Personal information
- Born: 11 January 1983 (age 43) Nordanstig, Sweden
- Height: 1.89 m (6 ft 2 in)
- Website: AndreMyhrer.com

Skiing career
- Sport: Alpine skiing
- Club: Bergsjö Hassela AK
- Retired: 8 February 2020 (age 37)
- Disciplines: Slalom, giant slalom
- World Cup debut: 25 January 2004 (age 21)

Olympics
- Teams: 4 – (2006–2018)
- Medals: 2 (1 gold)

World Championships
- Teams: 9 – (2003–2019)
- Medals: 3 (0 gold)

World Cup
- Seasons: 17 – (2004–2020)
- Wins: 8 – (7 SL, 1 PS)
- Podiums: 30 – (23 SL, 6 PS, 1 PG)
- Overall titles: 0 – (9th in 2013)
- Discipline titles: 1 – (SL, 2012)

Medal record
Men's alpine skiing
Representing Sweden
| Event | 1st | 2nd | 3rd |
| Olympic Games | 1 | 0 | 1 |
| World Championships | 0 | 1 | 2 |
| Total | 1 | 1 | 3 |
Olympic Games
| Gold medal – first place | 2018 Pyeongchang | Slalom |
| Bronze medal – third place | 2010 Vancouver | Slalom |
World Championships
| Silver medal – second place | 2013 Schladming | Team event |
| Bronze medal – third place | 2015 Beaver Creek | Team event |
| Bronze medal – third place | 2017 St.
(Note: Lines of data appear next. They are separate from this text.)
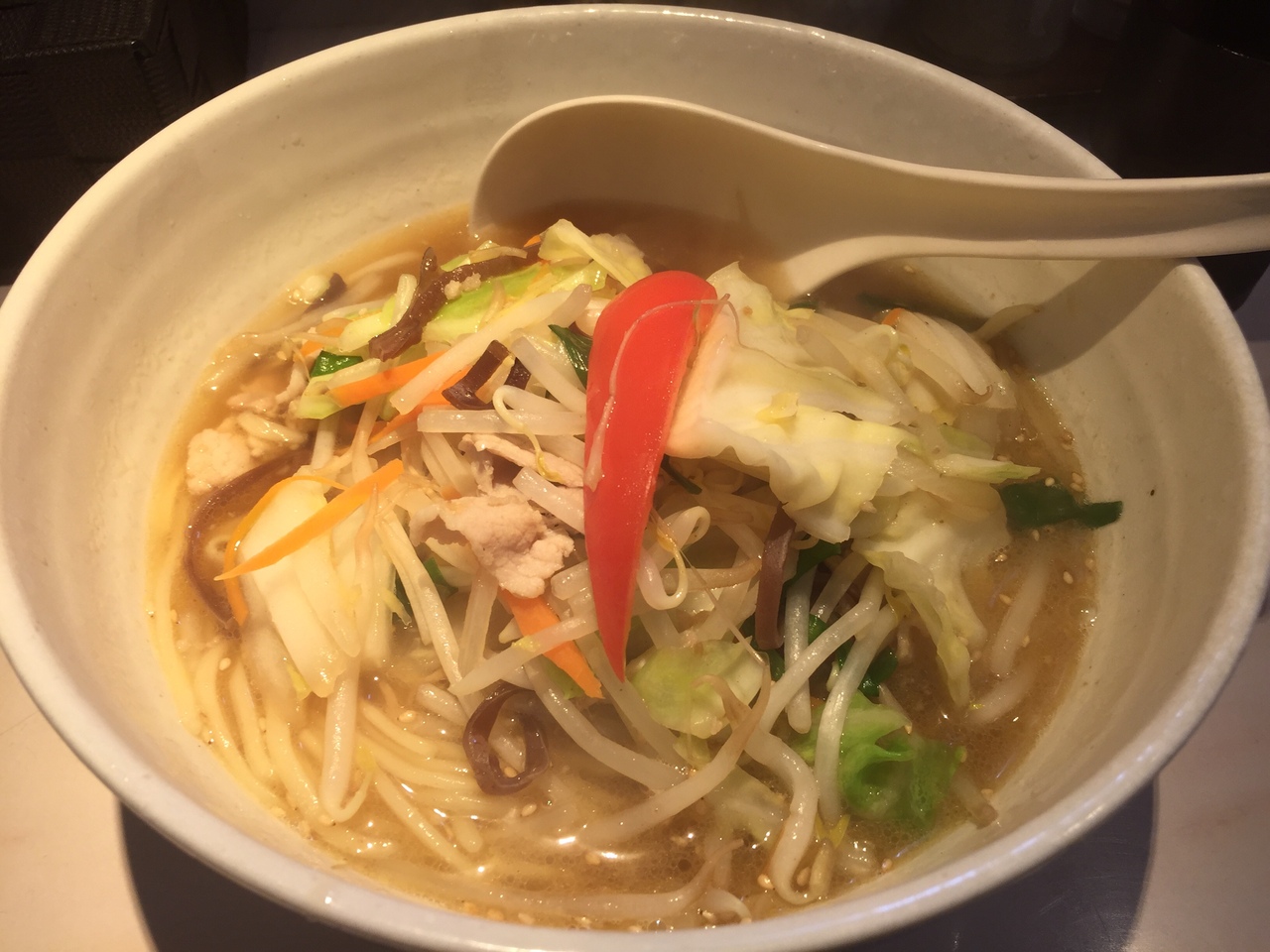 池袋でいちばん好きなラーメン屋さんです。定期的に訪れています。塩も醤油も味噌も美味しいのですがこの日は醤油をチョイス。タンメンらしい豊富でシャキシャキした野菜と、ラーメンらしいしっかりしたスープにこの日も大満足です。
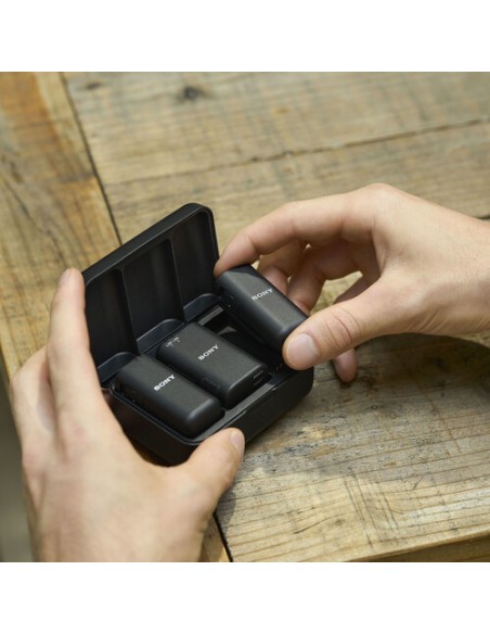 Registra due interviste e vlog con la tua videocamera Sony compatibile con Multi Interface utilizzando questo sistema di microfoni wireless Sony ECM-W3 per 2 persone , grazie ai suoi due trasmettitori a clip con microfoni integrati e ricevitore a doppio canale con connessione Multi Interface Shoe. Il sistema supporta la registrazione di segnali audio analogici e digitali in canali sia misti che separati per la massima flessibilità di post-produzione. Il ricevitore è ultracompatto e ha porte di uscita TRS da 3,5 mm e USB-C integrate. Due interruttori laterali consentono di selezionare la registrazione di canali separati o misti e di alternare tra le modalità di uscita analogica e digitale. Attiva la registrazione della traccia di sicurezza per proteggere da interruzioni impreviste. Un interruttore attenuatore sulle unità trasmittenti impedisce il clipping.
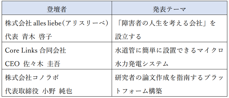 登壇者及び発表テーマ
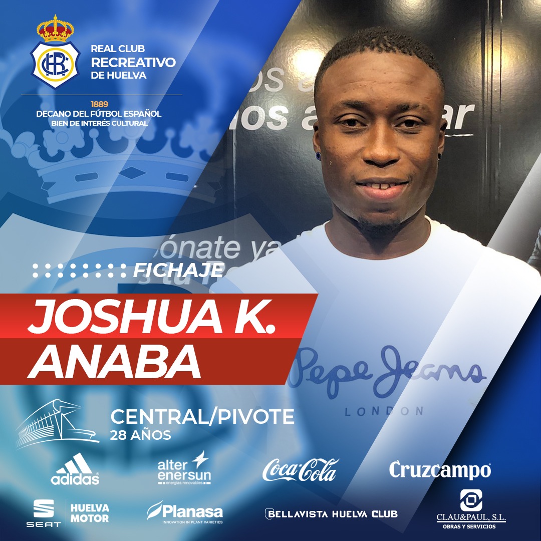 El ghanés Joshua Kweku Anaba (Accra, 16/7/1993) se ha convertido en nuevo jugador del Recreativo para esta temporada. Se trata de un central que aúna velocidad y una gran presencia física, y que además puede actuar de pivote en el centro del campo.
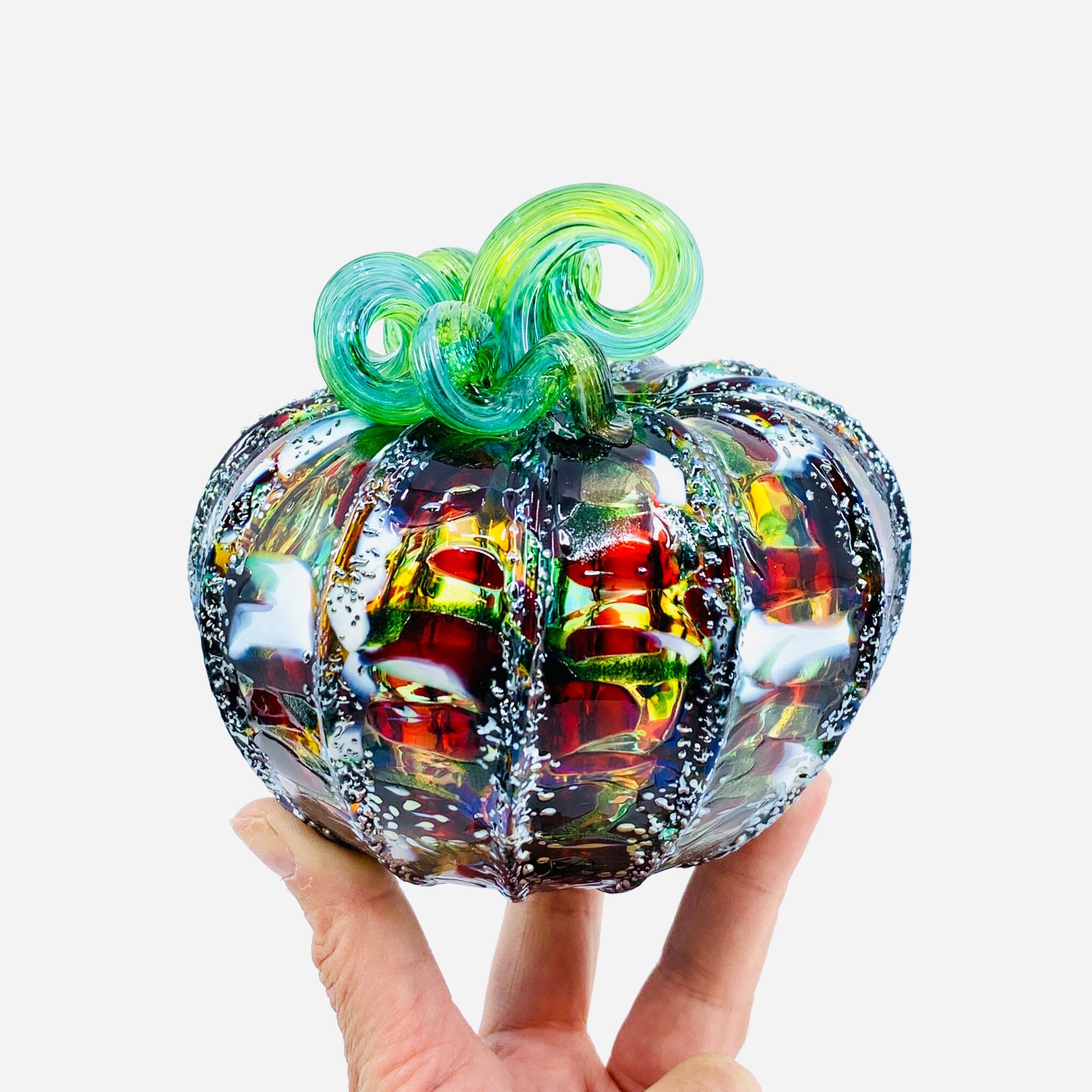 What's a daily pumpkin? Daily pumpkins are artfully created by our team of glassblowers. Shapes, sizes, colors, and patterns are at their whim! New pumpkins are posted... you guessed it... daily! Please be aware that descriptive terms (i.e. mini, squat) refer to shape more so than dimensions of our daily pumpkins due to the individuality of these pieces. Size and uniformity may vary.

Moritz | Team event |

= André Myhrer =

Swedish alpine skier

André Myhrer (born 11 January 1983) is a retired Swedish World Cup alpine ski racer and Olympic gold medalist. Born at Bergsjö in Gävleborg County, Myhrer competed in the technical events and specialised in slalom.

==Career==
Myhrer made his World Cup debut in January 2004 and his first victory came at Beaver Creek, Colorado, in December 2006. Myhrer represented Sweden at the 2006 Winter Olympics and tied for fourth place in the slalom, only 0.03 s from third. At the 2010 Olympics he was tenth after the first run of the slalom at Whistler, then had the fastest time in the second and won the bronze medal. In 2018, Myhrer won the Olympic slalom competition after both main favourites had failed to finish. In addition to four Olympics, Myhrer has competed in nine World Championships.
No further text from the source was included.